## Instructions to follow:
Copy nothing but the lines below, from the one with "người ước tưởng." through the one with "Zzbety 50 ganchos", exactly as written; no pictures should appear.

## Data for review:
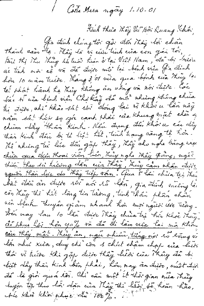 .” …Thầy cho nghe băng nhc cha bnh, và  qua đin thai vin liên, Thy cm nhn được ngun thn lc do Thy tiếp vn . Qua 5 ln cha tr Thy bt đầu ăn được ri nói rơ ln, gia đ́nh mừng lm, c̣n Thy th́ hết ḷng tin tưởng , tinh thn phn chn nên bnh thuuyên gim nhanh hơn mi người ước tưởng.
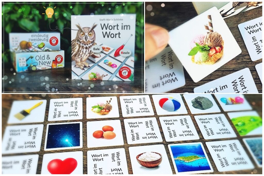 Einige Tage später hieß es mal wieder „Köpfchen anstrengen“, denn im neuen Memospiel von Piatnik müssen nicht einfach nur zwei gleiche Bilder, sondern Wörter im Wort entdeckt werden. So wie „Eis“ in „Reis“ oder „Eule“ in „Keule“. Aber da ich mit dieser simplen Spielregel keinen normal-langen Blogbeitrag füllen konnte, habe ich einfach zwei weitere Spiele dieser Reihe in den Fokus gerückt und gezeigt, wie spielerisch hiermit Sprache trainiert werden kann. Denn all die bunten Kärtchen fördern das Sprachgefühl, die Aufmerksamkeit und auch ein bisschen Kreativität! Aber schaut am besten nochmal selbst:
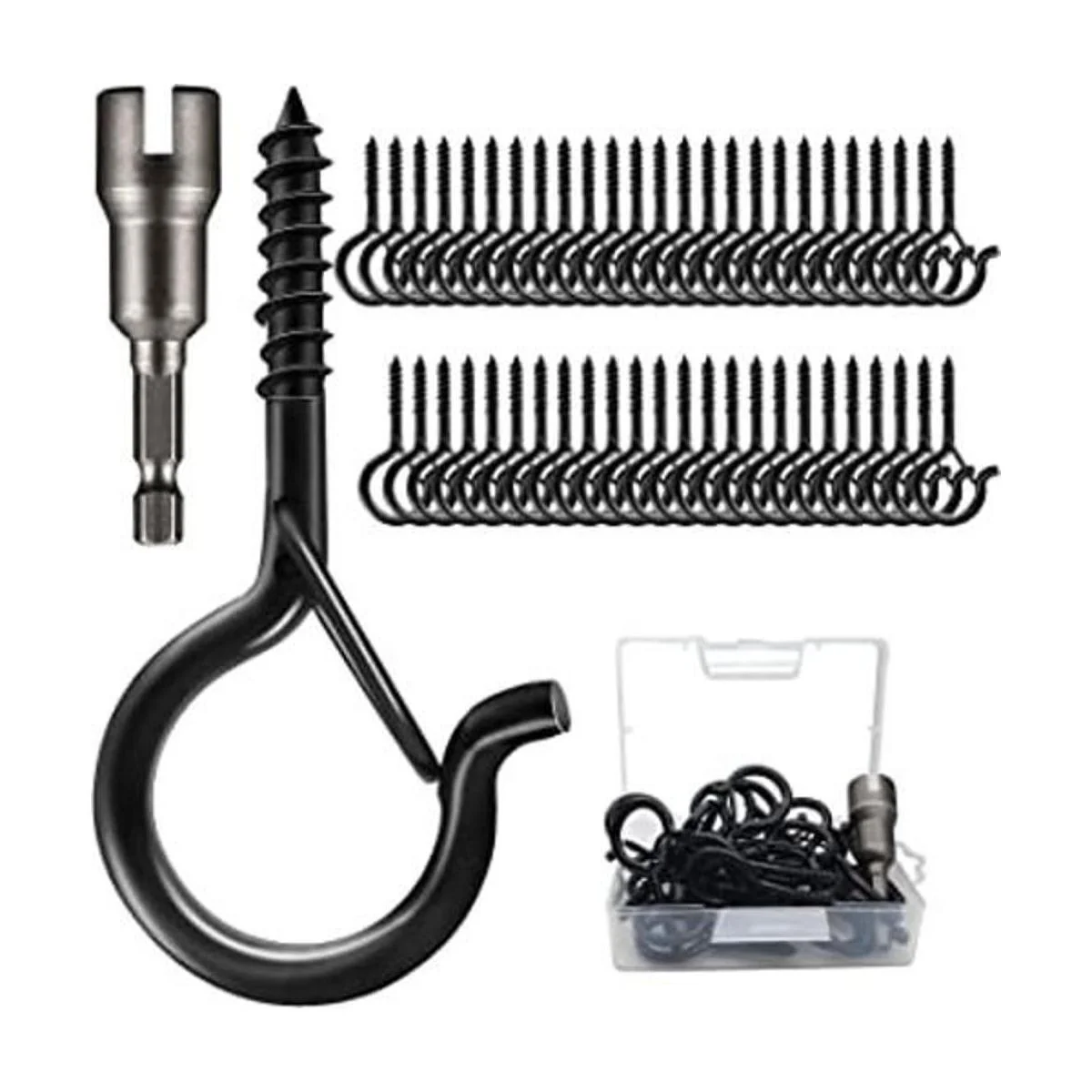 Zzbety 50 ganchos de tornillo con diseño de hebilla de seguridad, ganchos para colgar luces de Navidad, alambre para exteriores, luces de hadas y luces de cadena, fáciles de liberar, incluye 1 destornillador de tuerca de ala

...

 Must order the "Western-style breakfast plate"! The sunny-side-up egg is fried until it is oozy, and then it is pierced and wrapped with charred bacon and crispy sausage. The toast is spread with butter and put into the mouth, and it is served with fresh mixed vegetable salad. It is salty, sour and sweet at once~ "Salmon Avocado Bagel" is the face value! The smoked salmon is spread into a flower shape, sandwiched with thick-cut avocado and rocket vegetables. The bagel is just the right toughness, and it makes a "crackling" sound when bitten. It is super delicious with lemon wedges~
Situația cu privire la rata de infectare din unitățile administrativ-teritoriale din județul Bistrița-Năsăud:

==

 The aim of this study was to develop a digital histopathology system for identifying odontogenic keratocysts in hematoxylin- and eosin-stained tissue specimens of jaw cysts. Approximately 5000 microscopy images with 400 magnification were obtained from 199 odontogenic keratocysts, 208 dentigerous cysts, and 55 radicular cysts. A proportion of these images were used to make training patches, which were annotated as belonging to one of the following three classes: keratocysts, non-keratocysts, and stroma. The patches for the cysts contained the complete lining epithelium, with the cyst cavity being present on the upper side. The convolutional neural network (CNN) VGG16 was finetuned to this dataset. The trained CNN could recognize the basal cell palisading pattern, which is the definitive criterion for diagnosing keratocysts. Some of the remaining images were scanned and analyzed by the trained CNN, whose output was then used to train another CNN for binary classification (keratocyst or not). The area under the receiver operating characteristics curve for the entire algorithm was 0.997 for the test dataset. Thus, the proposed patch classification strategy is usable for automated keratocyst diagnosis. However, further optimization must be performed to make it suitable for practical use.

## Answer section:
 .” …Thầy cho nghe băng nhc cha bnh, và  qua đin thai vin liên, Thy cm nhn được ngun thn lc do Thy tiếp vn . Qua 5 ln cha tr Thy bt đầu ăn được ri nói rơ ln, gia đ́nh mừng lm, c̣n Thy th́ hết ḷng tin tưởng , tinh thn phn chn nên bnh thuuyên gim nhanh hơn mi người ước tưởng.
 Einige Tage später hieß es mal wieder „Köpfchen anstrengen“, denn im neuen Memospiel von Piatnik müssen nicht einfach nur zwei gleiche Bilder, sondern Wörter im Wort entdeckt werden. So wie „Eis“ in „Reis“ oder „Eule“ in „Keule“. Aber da ich mit dieser simplen Spielregel keinen normal-langen Blogbeitrag füllen konnte, habe ich einfach zwei weitere Spiele dieser Reihe in den Fokus gerückt und gezeigt, wie spielerisch hiermit Sprache trainiert werden kann. Denn all die bunten Kärtchen fördern das Sprachgefühl, die Aufmerksamkeit und auch ein bisschen Kreativität! Aber schaut am besten nochmal selbst:
 Zzbety 50 ganchos de tornillo con diseño de hebilla de seguridad, ganchos para colgar luces de Navidad, alambre para exteriores, luces de hadas y luces de cadena, fáciles de liberar, incluye 1 destornillador de tuerca de ala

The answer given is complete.